■ **Input data**
((

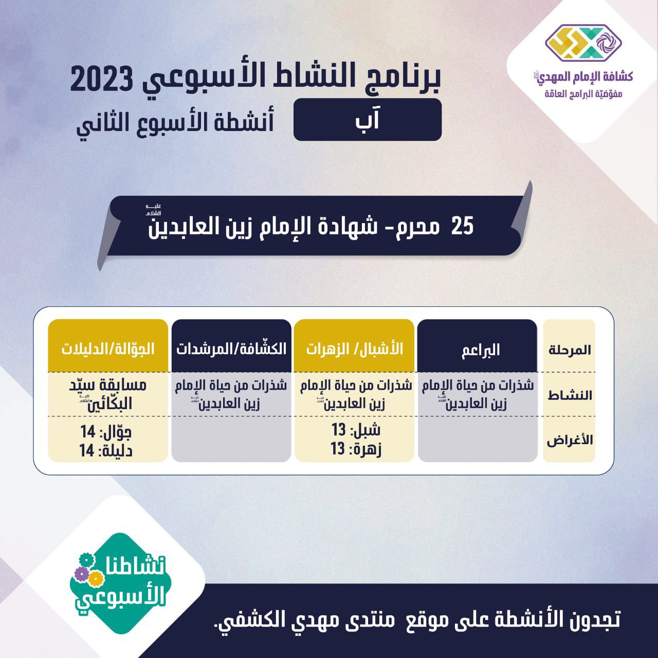 برنامج الأنشطة الأسبوعيّة - الأسبوع 2 من شهر آب 2023
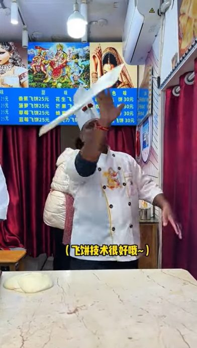 根据视频,印裔男子还表演了他的“飞饼绝技”,在准备过程中,将印度煎饼飞甩到空中,看得顾客不亦乐乎。
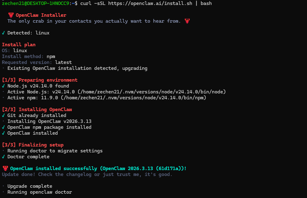 curl -sSL https://openclaw.ai/install.sh | bash
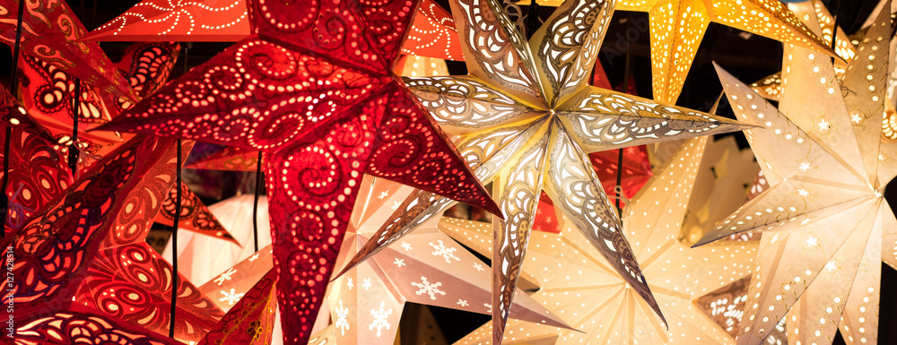 Weihnachtssterne auf dem Weihnachtsmarkt Panorama
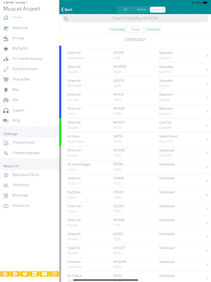 • Live flight Arrivals and Departures information for New Muscat (MCT) and Salalah (SLL) Airports
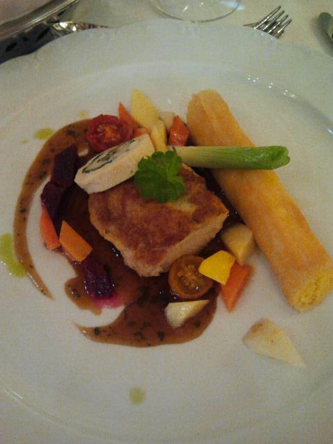 Zweierlei vom Perlhuhn mit jungen Rüben, Trüffel-Polentastangerl und Kerbeljus
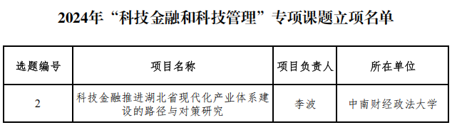 李波教授主持的课题“科技金融推进湖北省现代化产业体系建设的路径与对策研究”获得湖北省社会科学界联合会2024年“科技金融和科技管理”专项课题立项。该研究将深入剖析科技金融赋能区域产业升级的关键机制,聚焦湖北省情,提出构建具有全国竞争力的现代化产业体系的金融支持策略与实践路径。
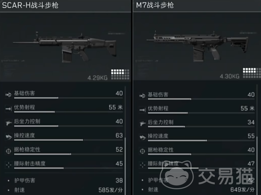 Fal这款枪的特点是单发的伤害比较高,而且中远距离的后坐力控制比较稳定,同时这把枪的性价比还比较高,而在三角洲行动里最符合这款枪特点的就是Scar这款步枪了。Scar本身的售价只有7万哈夫币,但是除了射速每分钟低了60以外,它其他的数值甚至要比裸枪售价21万的M7战斗步枪还要高,而且最关键的是这把枪非常好控制,搭载四级弹以后甚至可以越级挑战六级甲,名副其实的三角洲神枪。
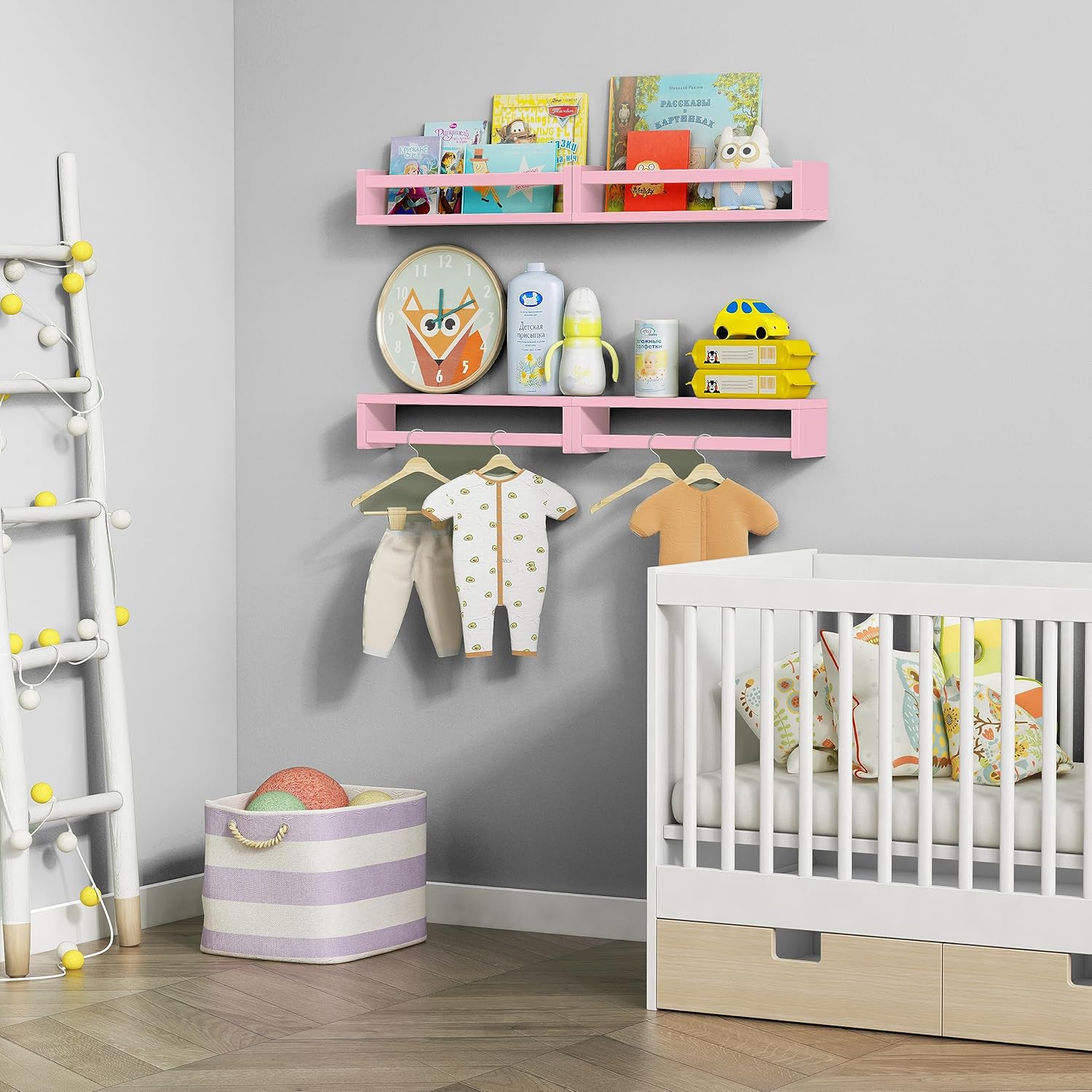 Forbena Pink Floating Shelves for Wall, Aesthetic Wall Bookshelf for Girls Room Decor, Wood Nursery Bookshelves for Toddler Kids Bedroom Book and Toy Storage Organizer (Set of 4, Pink)
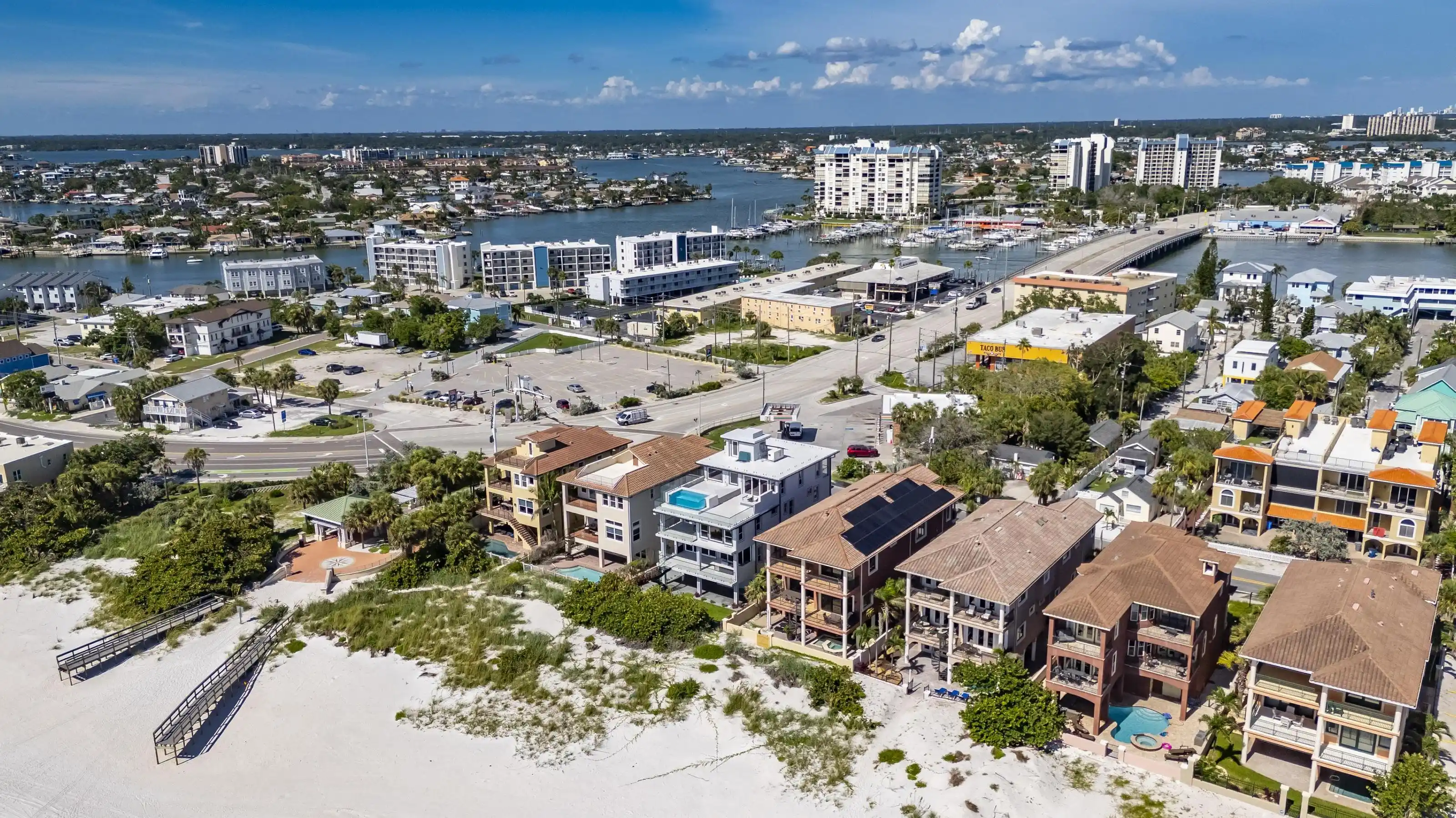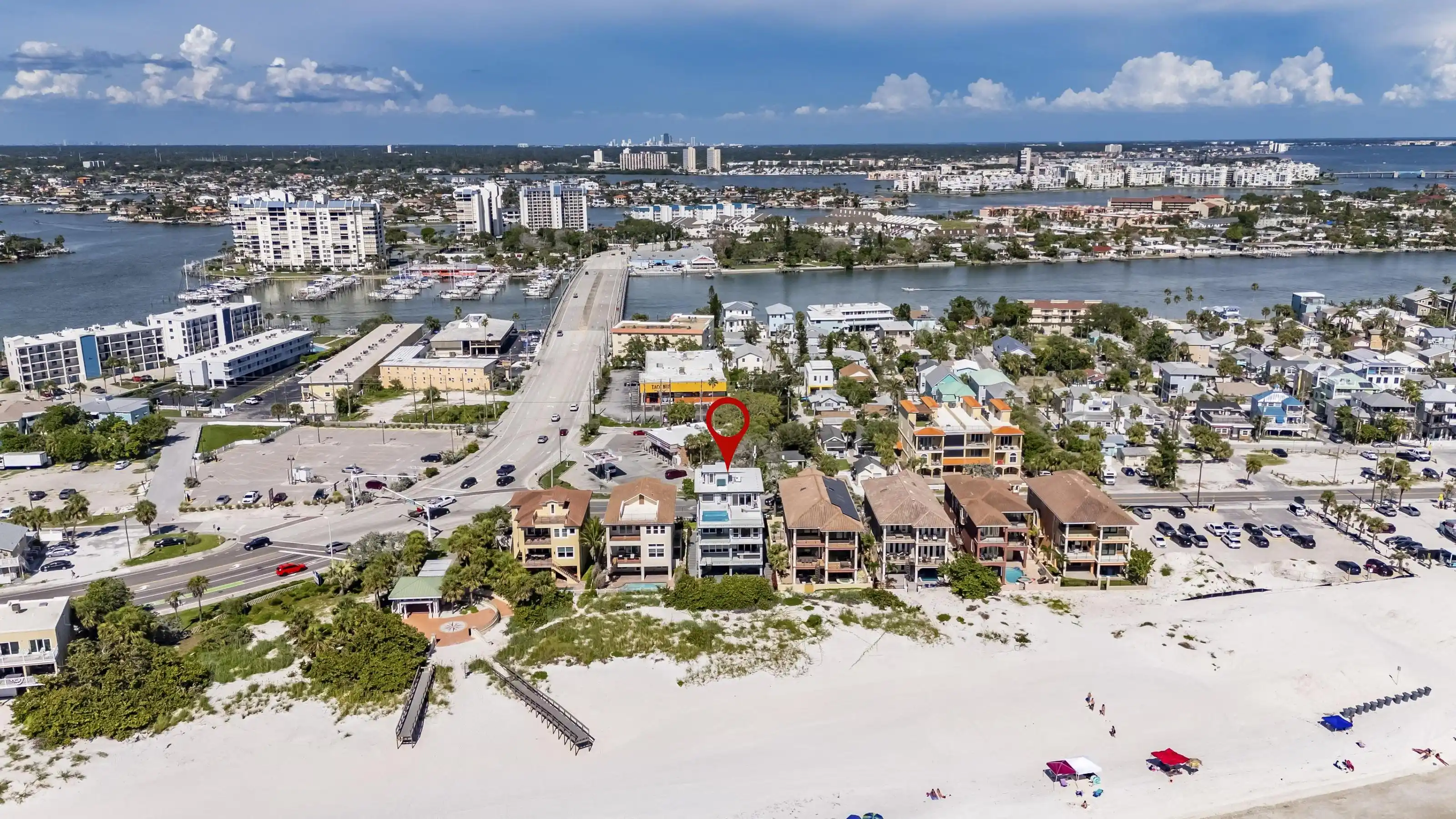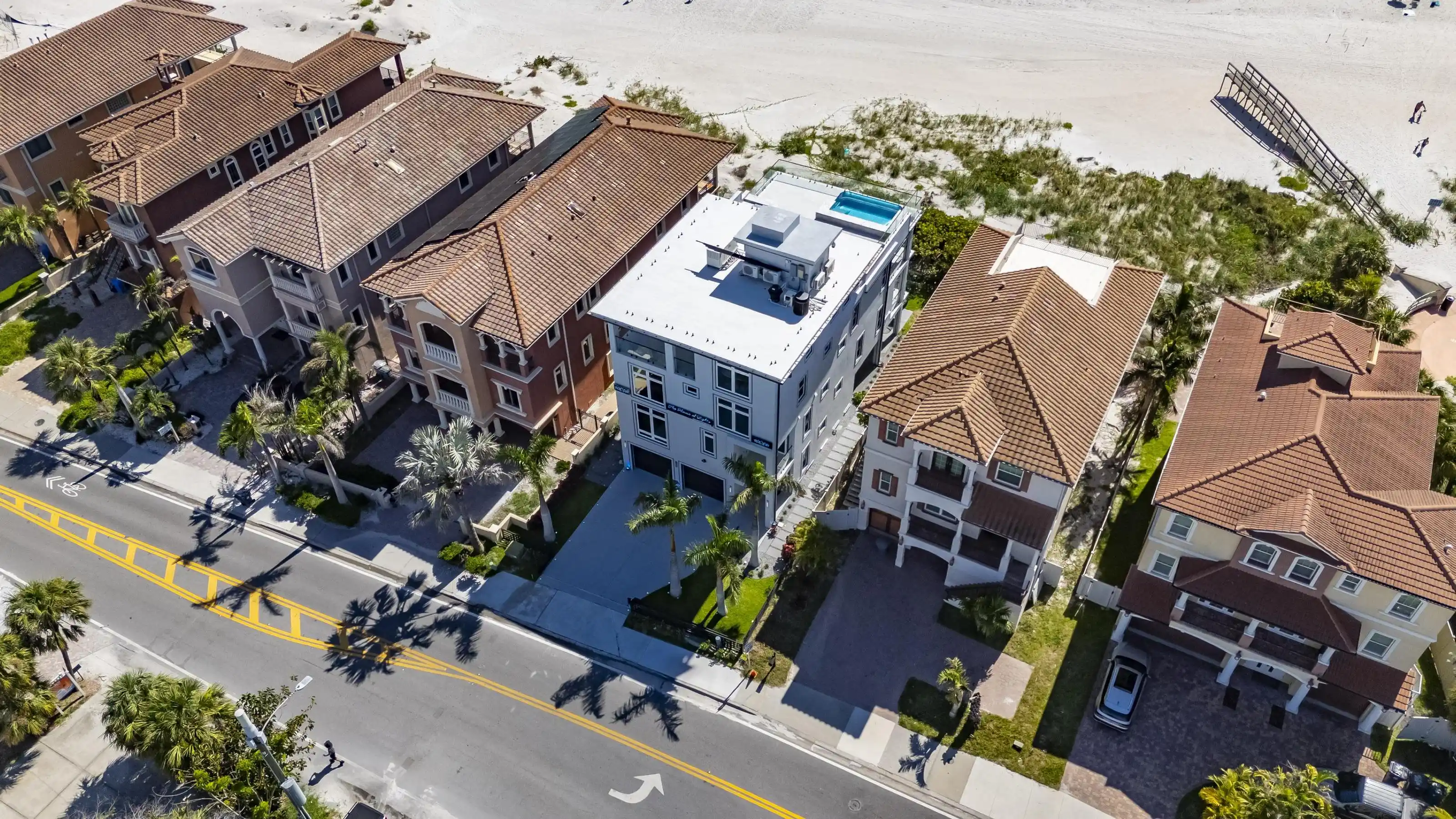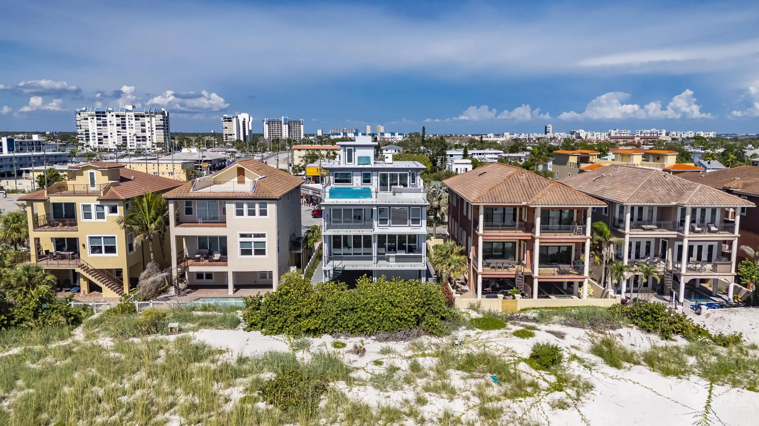 Experience beachfront luxury in this 2025 custom concrete-built home on Treasure Island. Elevated 18 feet above sea level, this 5-bed, 7-bath residence offers 5,198 sq ft of high-end living, complete with a 32kW generator, Tesla chargers, and rooftop infinity pool. The main level features open living, a chef’s kitchen with double ovens, espresso machine, pot filler, and walk-in pantry. Upstairs offers multiple guest suites, a second living area, and a spacious primary with balcony and spa bath. The rooftop includes a pool, summer kitchen, and indoor flex space for entertaining, fitness, or media. Additional highlights: glass elevator, full concrete structure with deep pilings, smart home tech, and no HOA/CDD. Located steps from the sand and minutes to dining and shops.

))

Only one stretch of the listing above is to be duplicated: the lines from the one containing "curl -sSL https://openclaw.ai/install.sh" through the one containing "Forbena Pink Floating", both included. Copy them exactly, minus the pictures.

■ **Task result**
 curl -sSL https://openclaw.ai/install.sh | bash
 Weihnachtssterne auf dem Weihnachtsmarkt Panorama
 • Live flight Arrivals and Departures information for New Muscat (MCT) and Salalah (SLL) Airports
 Zweierlei vom Perlhuhn mit jungen Rüben, Trüffel-Polentastangerl und Kerbeljus
 李波教授主持的课题“科技金融推进湖北省现代化产业体系建设的路径与对策研究”获得湖北省社会科学界联合会2024年“科技金融和科技管理”专项课题立项。该研究将深入剖析科技金融赋能区域产业升级的关键机制,聚焦湖北省情,提出构建具有全国竞争力的现代化产业体系的金融支持策略与实践路径。
 Fal这款枪的特点是单发的伤害比较高,而且中远距离的后坐力控制比较稳定,同时这把枪的性价比还比较高,而在三角洲行动里最符合这款枪特点的就是Scar这款步枪了。Scar本身的售价只有7万哈夫币,但是除了射速每分钟低了60以外,它其他的数值甚至要比裸枪售价21万的M7战斗步枪还要高,而且最关键的是这把枪非常好控制,搭载四级弹以后甚至可以越级挑战六级甲,名副其实的三角洲神枪。
 Forbena Pink Floating Shelves for Wall, Aesthetic Wall Bookshelf for Girls Room Decor, Wood Nursery Bookshelves for Toddler Kids Bedroom Book and Toy Storage Organizer (Set of 4, Pink)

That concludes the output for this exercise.